There are definitely power restrictions, and transmission time restrictions in all those bands. TI has a nice app note about regulatory compliance in these ISM bands. Most interesting to note is that if you do frequency hopping you'll be allowed to use more power than if you just pick a channel and stick with it. That's a little more work, and for me it had battery life implications. My nodes sleep and poll to look for commands from my phone. If I used hopping they'd have to wake up and find the AP's frequency first which burns more power.

I think if you look at some of the micro controller solutions you can find pretty cheap 433Mhz transceivers. That was another reason for 900.

Ah for your other questions about interference it depends, certainly it would be easier to design a system where you always had access to your channel and no one else interfered. Knowing you have to deal with interference will cause you to handle things like re-transmissions, acknowledgments that messages have been sent, maybe error checking like CRC, and collision hold off.

Really it's not a bad thing, you will end up making a more robust product. You don't want to send your switch a signal to turn on and have it never get there. Better to expect interference and make your system robust enough to try again.

Repeaters can definitely work, people use them all the time. To me a repeater infers that it will be on all the time so not good for a battery powered EP, but there are other mesh networking strategies that could work too. I'd start with just point to point first to get yourself going, but you can always dive right in.

Just my 2 cents, good luck with the project.

• Thanks for the 2 cents. Now if I could only find such a cheap transceiver XD. Have you got any links to such cheap transcievers. I want them to be $4 max w/ the antenna, and I am not finding any like that. Dec 17, 2014 at 20:54 • Maybe a 433Mhz CC1101 module from China off ebay?$9 a pair plus $2 shipping :) Can't vouch for the support you'll get ebay.com/itm/… Dec 17, 2014 at 21:30 • Thx I'll have a look :) Dec 17, 2014 at 22:09 Do any government regulations limit duty cycles for this band? Yes, depends on modulation and power output, both FCC and ETSI have duty cycle limits in the 2.4GHz band for narrow band signals. Wideband (500KHz and up) have PSD requirements under FCC rules. Would it be that badly affected with other wireless networks? Depends on the congestion levels in your area. all users of the ISM bands are supposed to be good neighbors, that is, not to cause too much interference and be tolerant to others. Would the other signals make the signal hard to read (I have never worked with this band before)? Depends on your transceiver. Some have good sensitivity and selectivity at certain modulation schemes, some do not. Would the repeater idea work? Mesh networks work, but the data bandwidth is halved with each hop. Zigbee is an example of a mesh network.
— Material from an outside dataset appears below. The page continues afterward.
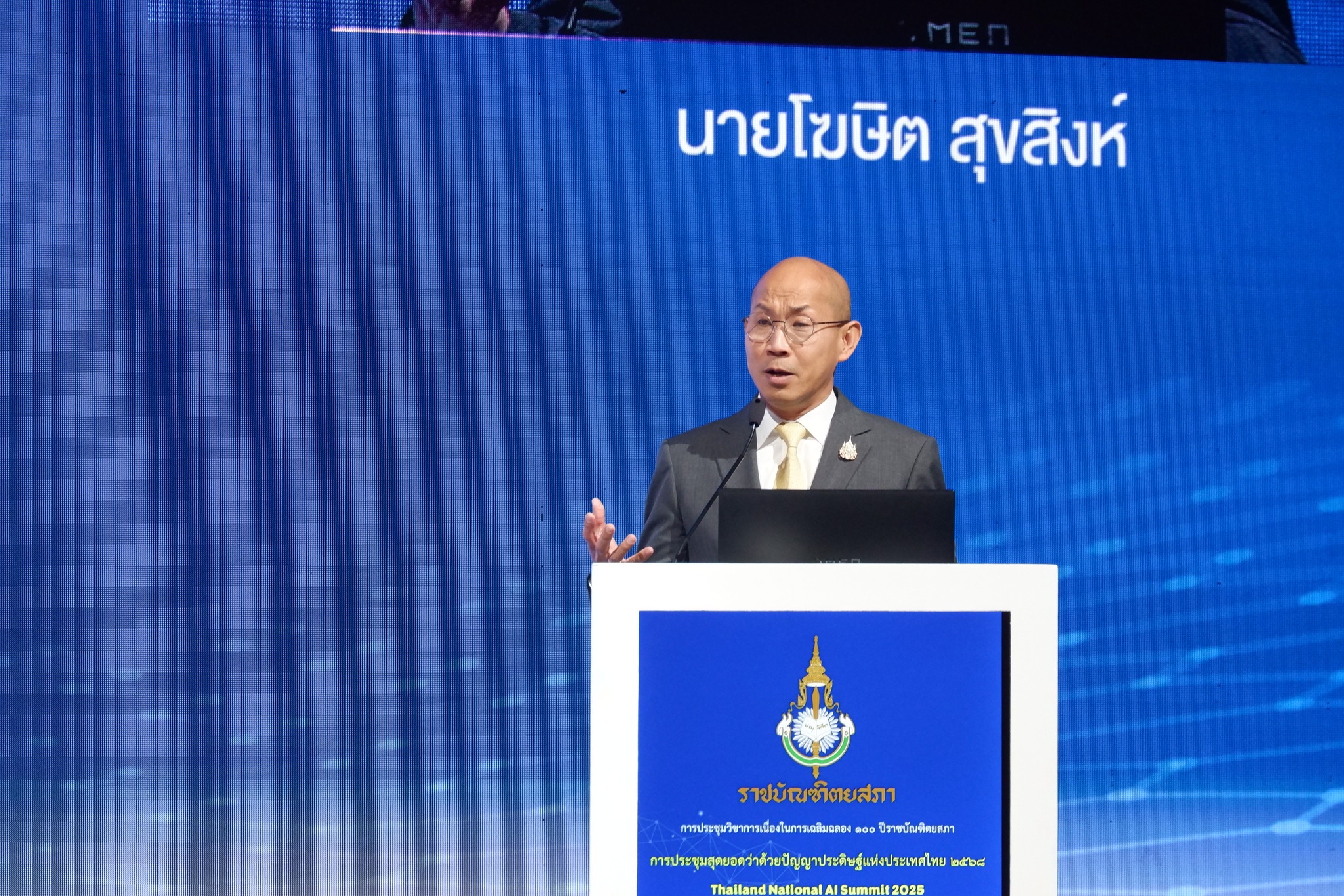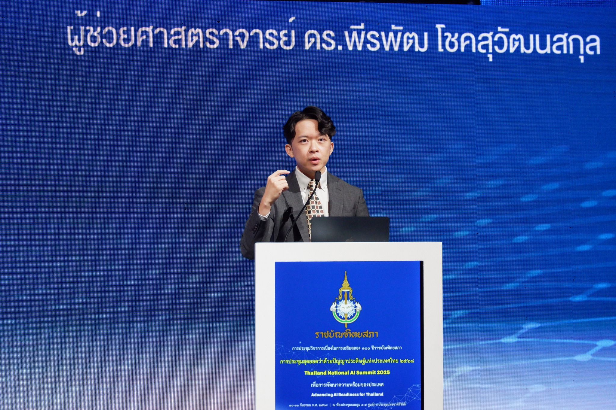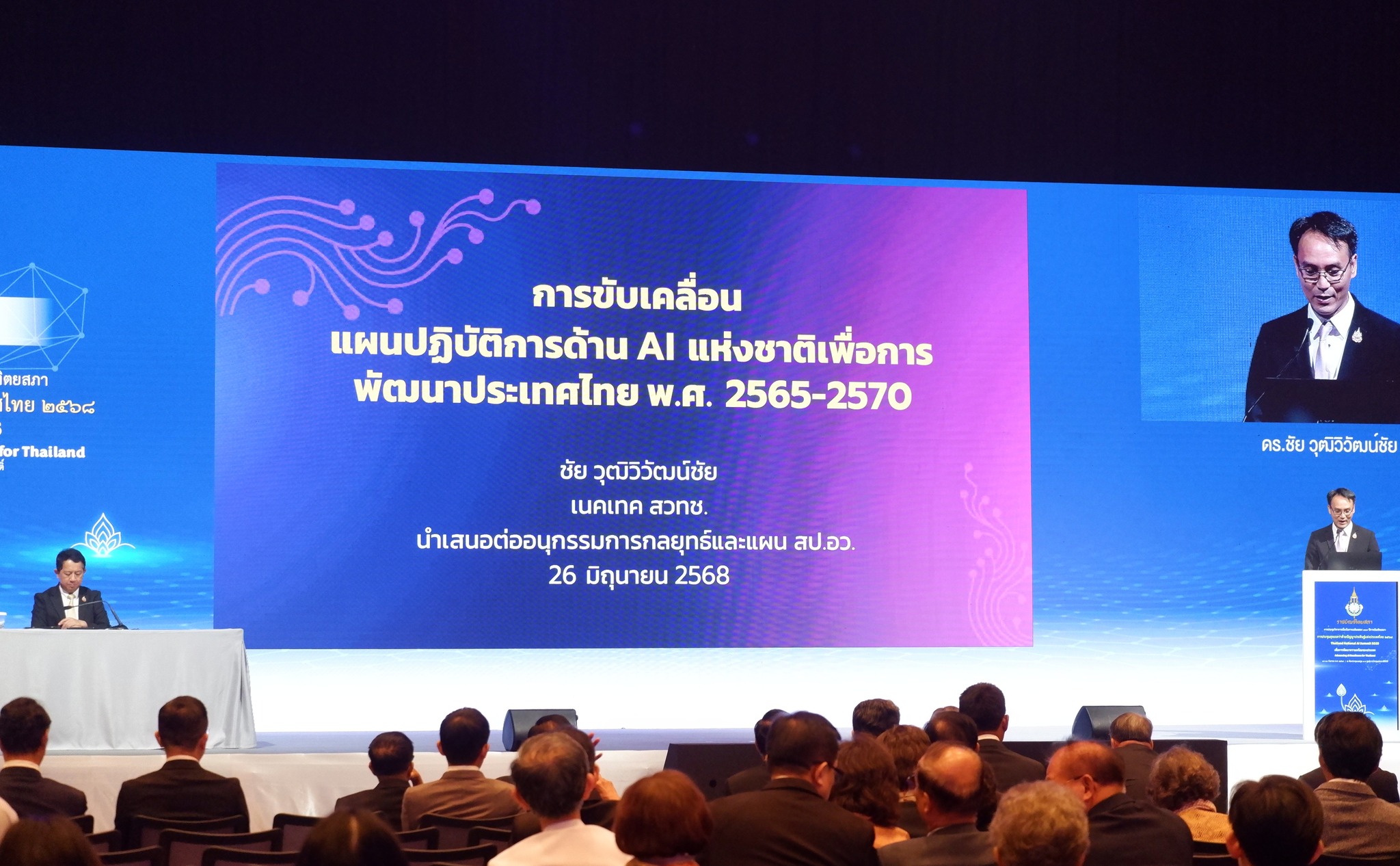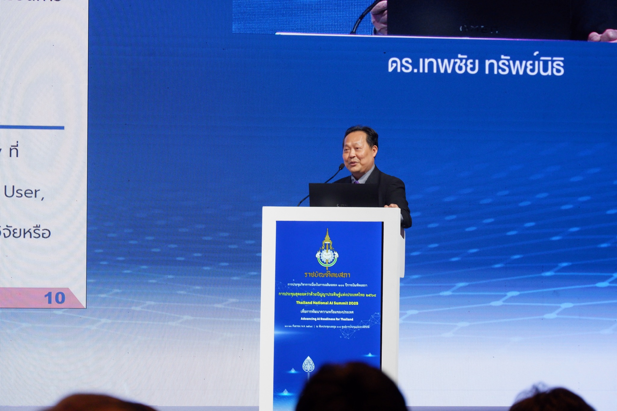 เมื่อวันที่ 10 กันยายน 2568 ณ ศูนย์การประชุมแห่งชาติสิริกิติ์ ดร.ชัย วุฒิวิวัฒน์ชัย ผู้อำนวยการ เนคเทค สวทช. ได้เข้าร่วมในการประชุมวิชาการเนื่องในการเฉลิมฉลอง 100 ปีราชบัณฑิตยสภา การประชุมสุดยอดว่าด้วยปัญญาประดิษฐ์แห่งประเทศไทย 2568 เพื่อการพัฒนาความพร้อมด้านปัญญาประดิษฐ์สำหรับประเทศไทย (Thailand National AI Summit 2025: Advancing AI Readiness for Thailand) จัดขึ้นโดย ราชบัณฑิตยสภา ร่วมกับหน่วยงานพันธมิตร ที่ได้รวบรวมผู้ทรงคุณวุฒิ ผู้กำหนดนโยบาย นักวิชาการ และผู้นำภาคอุตสาหกรรม ร่วมหารือแลกเปลี่ยนองค์ความรู้เกี่ยวกับประเด็นในการเร่งพัฒนาขีดความสามารถด้านปัญญาประดิษฐ์ (AI) ของประเทศไทย กับภูมิทัศน์ AI ระดับโลกที่กำลังพัฒนาอย่างรวดเร็ว เพื่อเตรียมความพร้อมเผชิญความท้าทาย และการเปลี่ยนแปลงที่ AI จะมีผลกระทบต่ออนาคตของประเทศไทยในมิติต่างๆ

Would the 1 receiver + 1 transmitter interfere badly with each other? Not if you don't do them simultaneously. Is this band crowded? 433MHz in Europe has ~1.7MHz as ISM, it can be crowded in parking lots (car FOBs). Do any government regulations limit duty cycles for this band? Yes, depending on your modulation and power levels. • So the 1 trans 1 receiver would work as long as i dont receive and transmit at the same time Dec 18, 2014 at 6:54 • Yes. Full duplex RF is quite hard to implement. Thanks for the edit. Dec 18, 2014 at 20:01 I had problems with these small 443MHz transmitter and receiver modules in the past. It turned out that Wii-U uses this frequency. I would suggest using the ESP8266 WiFI modules if you don't mind the low throughput. I just started using one of those for a large wall clock I'm building. They are dirt cheap (<$4).

If you're using 2.4GHz, you should remember that microwaves, WiFi, and Bluetooth devices use these frequencies, all of which may cause unwanted interference in a home.

Also, having your data packets hopping can get very cumbersome. It takes very careful work to prevent packet collisions on the next hop and nuclear packets that never end.

There is no reason for a 433MHz transceiver to be expensive, as Silicon Labs' Si4432 is about $3. Newegg has something from China for about$14. (I will not vouch for its quality, though!)